Adolf vestia um terno escuro e uma gravata com um nó frouxo. Então, como agora, uma mecha de cabelo caiu sobre sua testa. Seus olhos estavam no chão enquanto suas irmãs falavam. Então chegou a sua vez. Ele deu um passo à frente e pegou minha mão. Olhando nos meus olhos, ele disse: “Serei grato a você para sempre”. Isso foi tudo. Então ele se curvou. Eu me pergunto se hoje ele se lembra dessa cena. Tenho certeza de que sim, pois, em certo sentido, Adolf Hitler cumpriu sua promessa de gratidão. Foram-me concedidos favores que, tenho certeza, não foram concedidos a nenhum outro judeu em toda a Alemanha ou Áustria.

Parte II

Quase imediatamente após o funeral de sua mãe, Hitler partiu para Viena, para tentar mais uma vez uma carreira como artista. Seu crescimento até a idade adulta foi uma experiência dolorosa para o menino que vivia consigo mesmo. Mas dias cada vez mais difíceis estavam chegando. Por mais pobre que fosse a família, ele pelo menos tinha comida e abrigo garantidos enquanto morava em casa. Isso não poderia ser dito dos dias em Viena. Hitler estava totalmente concentrado na tarefa de manter corpo e alma juntos.
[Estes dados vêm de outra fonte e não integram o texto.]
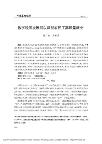 商学院张广胜教授与博士研究生王若男合作论文《数字经济发展何以赋能农民工高质量就业》在《中国农村经济》2023年第1期发表。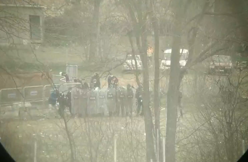 Διμοιρία της τουρκικής αστυνομίας φαίνεται να ρίχνει με πολλαπλούς εκτοξευτές καπνογόνα και δακρυγόνα προς τις ελληνικές δυνάμεις, οι οποίες βρίσκονται σε απόσταση λίγων μέτρων από τα σύνορα

Todos nós sabemos algo sobre sua vida lá – como ele trabalhou como carregador em empregos de construção civil até que os trabalhadores ameaçaram empurrá-lo de um andaime. E sabemos que ele limpou a neve e aceitou qualquer outro trabalho que pudesse encontrar. Durante esse período, na verdade por três anos, Hitler morou em um albergue masculino, o equivalente a um albergue em qualquer grande cidade americana. Foi aqui que ele começou a sonhar com um mundo refeito de acordo com seu padrão.

Enquanto morava no albergue, cercado pela escória humana da grande cidade, Hitler dizia: “Fiquei insatisfeito comigo mesmo pela primeira vez na vida”. Essa insatisfação consigo mesmo foi seguida pela insatisfação com tudo a seu respeito – e pelo desejo de alterar as coisas ao seu gosto.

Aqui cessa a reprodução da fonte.